Motion Menu on its own plays the backgrounds you already have: the one it ships with, and any background pack you install. This add-on is what lets you bring your own footage in. It is a separate download on purpose — a player who only ever picks a ready-made background should never have to carry a video decoder around for a feature they do not use.
What it does
- Imports any clip. MP4, MKV, WEBM, MOV, AVI — or a GIF.
- Asks once, then gets out of the way. Name it, choose the frame rate and the width, and press Continue.
- Decodes in the background. Close the progress card and carry on using the menu; the import keeps going, and a chip at the top takes you back to it. It selects itself the moment it is finished.

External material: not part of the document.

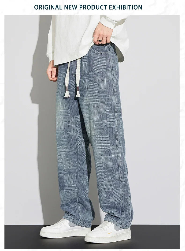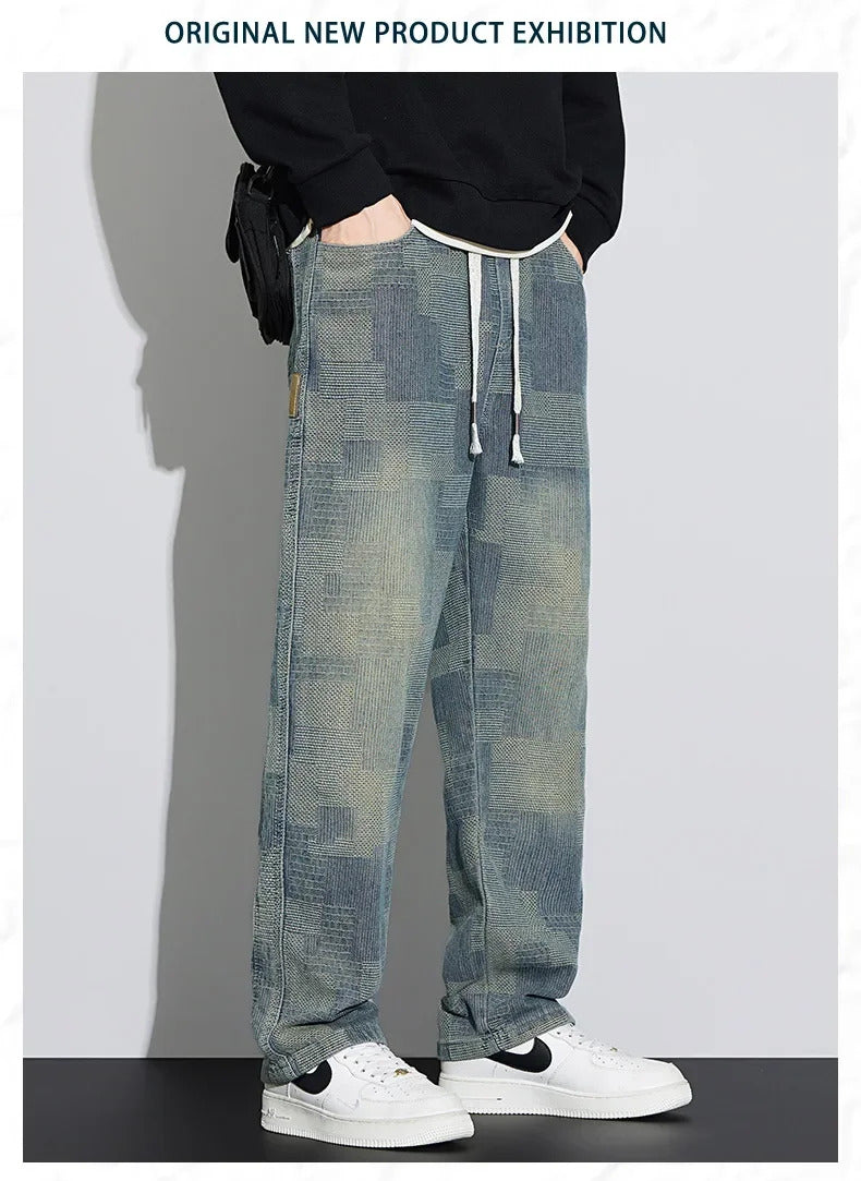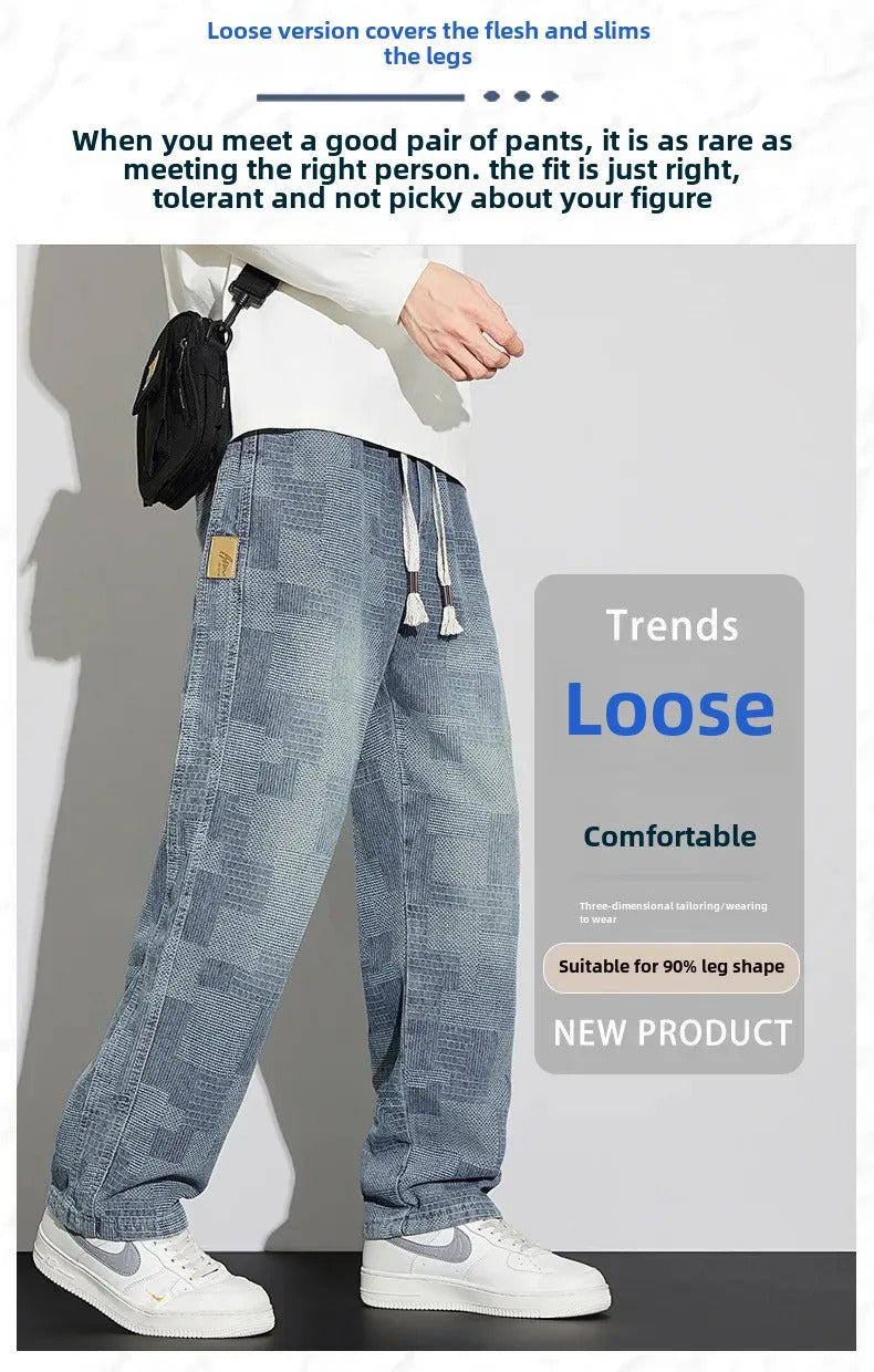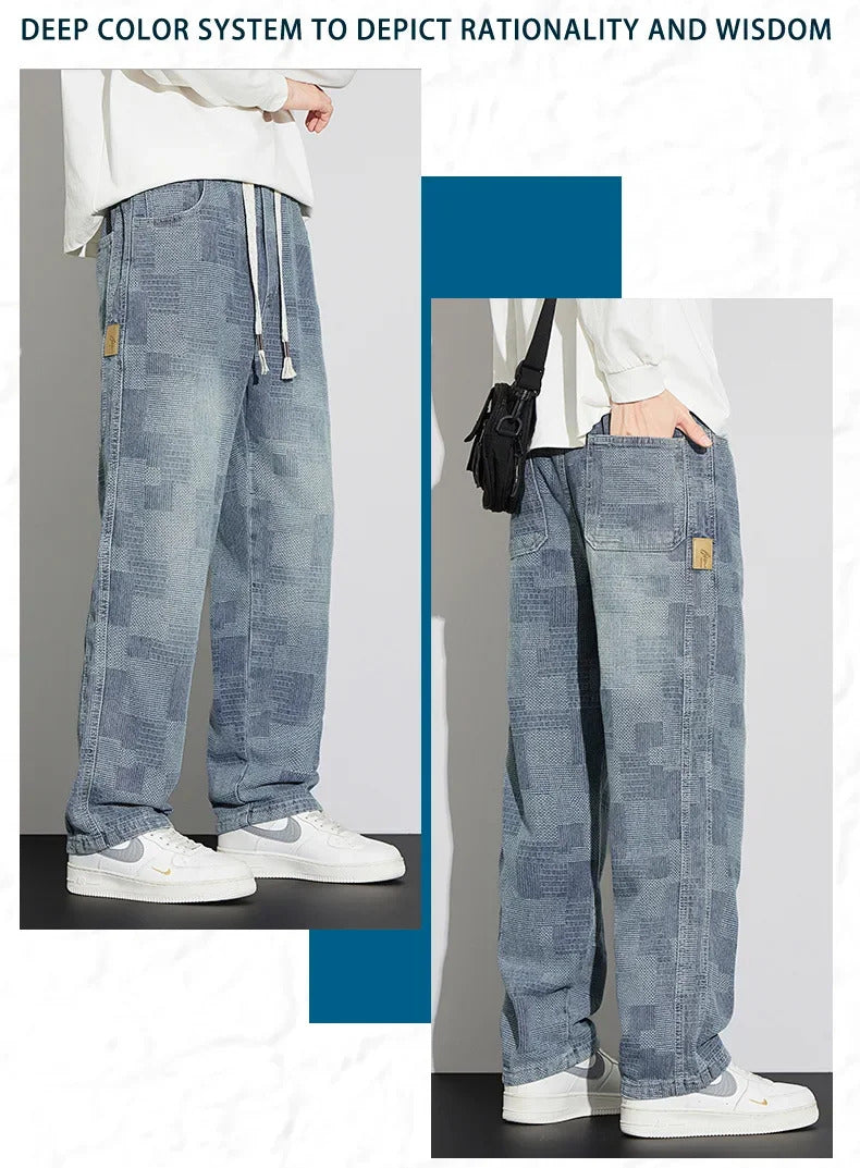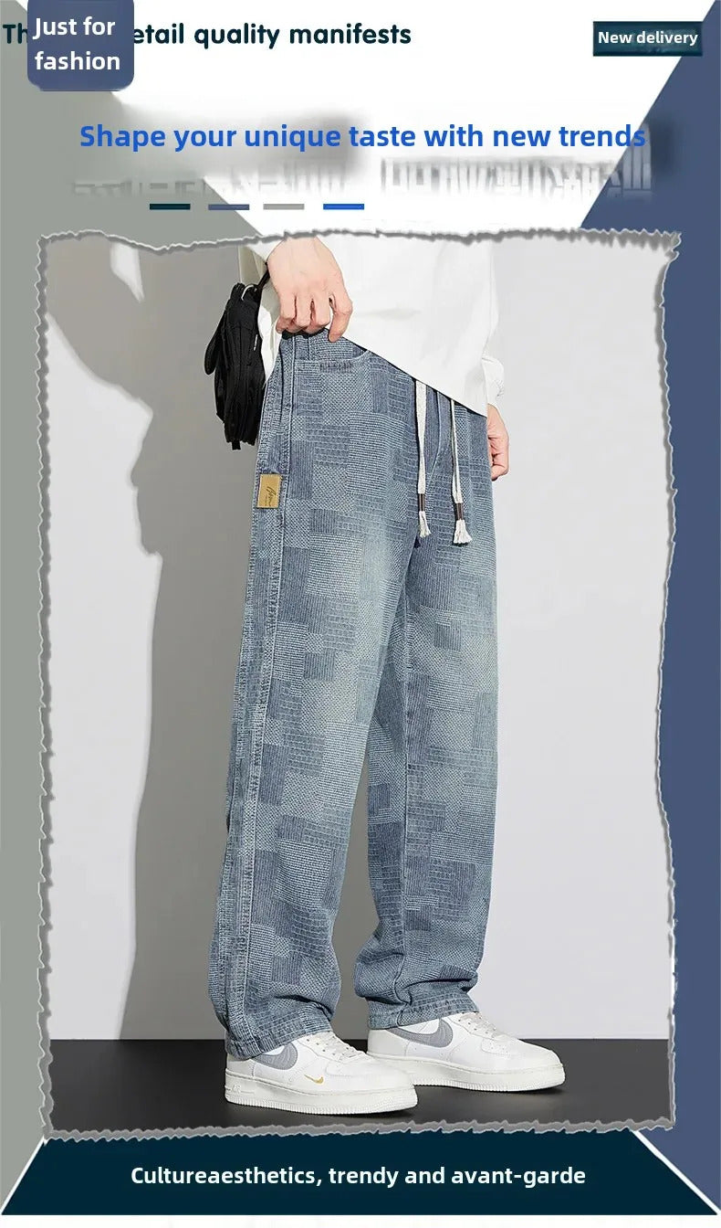牛仔裤男Trendy American Style Wide-Leg Jeans For Men New Arrival Fall/Winter European Fashion Versatile Street Casual Trousers

- Tells you when something goes wrong. A failed import gets a card that says what happened, and a button that tells you exactly how to fix it.
The decoder, handled for you
Minecraft has no video decoder, so importing needs one. This add-on gets it for you: one button downloads the official FFmpeg build for your system — Windows, macOS or Linux — straight into the mod's own folder.
Nothing is installed on your computer. Your PATH is never touched. Deleting config/motionmenu-ffmpeg/ undoes all of it, and if you already have FFmpeg installed, it is simply used and nothing is downloaded at all.
Would rather not download anything? The add-on carries a small pure-Java decoder that reads H.264 MP4 and GIF with no setup whatsoever. It is slower and it reads less, but it works offline and it asks for nothing.
Requirements
- Motion Menu — this add-on does nothing on its own
- Fabric Loader 0.19.0 or newer
- Minecraft 26.2
- Java 25
- Client-side only — no Fabric API needed
How to use it
- Drop this jar in your
modsfolder, next to Motion Menu. - On the title screen, open the gear, then Menu Background.
- Press Import video or GIF... and pick your clip.
- Name it, set the frame rate and width, and let it decode. That is all.
A good background is a short loop — 5 to 15 seconds — whose last frame looks like its first. Lower frame rates and smaller widths make a lighter background; 30 FPS at 1920 makes the sharpest one.